Big Data Basics: Hadoop Distributed System Introduction

With the rapid development of intelligent, all things Internet era, the amount of data began to surge, on the one hand we need to start thinking about how to efficiently and reliably store massive amounts of data, on the other hand we also need to analyze and process the data to get more Valuable information. This time we need to use the Hadoop.

 

Apache Software Foundation Hadoop is an open source distributed computing platform to hdfs (Hadoop Distributed File System), MapReduce (Hadoop2.0 joined YARN, Yarn resource scheduling framework, capable of fine-grained management and scheduling tasks, but also to support other computational framework, such as Spark) Hadoop core of the system provides the user with details of the underlying transparent distributed infrastructure. hdfs high fault tolerance, high stretchability, high efficiency, etc. so that the user can be deployed on Hadoop inexpensive hardware, form a distributed system.

Hadoop ecology

 

In addition to basic Hadoop, Hadoop has been developed to have a very complete and a huge open source ecosystem: HDFS provides file storage, YARN resources management, on this basis, subjected to various treatments, including mapreduce, Tez, Sprak, Storm, etc., to meet different requirements of data usage scenarios.

HDFS architecture

HDFS architecture diagram

 

HDFS using a master-slave model, a HDFS cluster consists of a NameNode and several DataNode, where NameNode as the master server manages the file system namespace and client access operation on the file, and the DataNode data management storage is responsible.
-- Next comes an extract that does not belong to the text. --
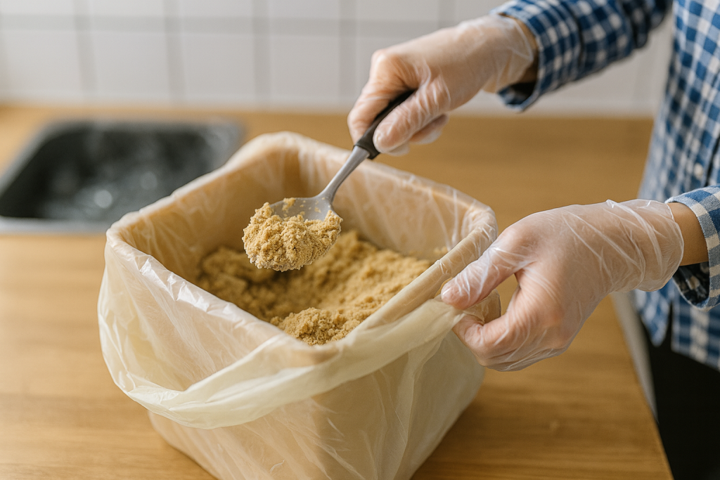手順はとてもシンプルです。容器からぬか床をすくい出してビニール袋に入れ、空気を抜きながらしっかりと口を縛ります。袋の外側を新聞紙で巻いておくと、においが漏れにくく、万が一破れても周囲を汚さずに済みます。最後に可燃ごみとして指定の袋に入れれば完了です。清潔に片付けることで、処分に伴うストレスも少なくなります。

HDFS underlying data is cut into a plurality of Block, and after the Block has been replicated stored on different DataNode, to achieve the purpose of fault-tolerant redundancy. Want to learn the system big data, you can join the big data technology learning buttoned Junyang: 522 189 307

MapReduce

 

MapReduce is the core of Google's computing model, it will run in parallel computing complex process on cluster size are highly abstract process two functions: Map and Reduce ( "Map (Mapping)" and "Reduce (reduction)") . function to map key / value pairs as an input and generates another series of key / value pairs written as the intermediate output of the local disk. MapReduce framework automatically aggregating data according to the intermediate key value, and the key value is the same data to reduce the unified function processing. places and reduce function key corresponding to the list as the input value, the value of the same value after the merge key, generating another set of key / value pairs as the final output write HDFS.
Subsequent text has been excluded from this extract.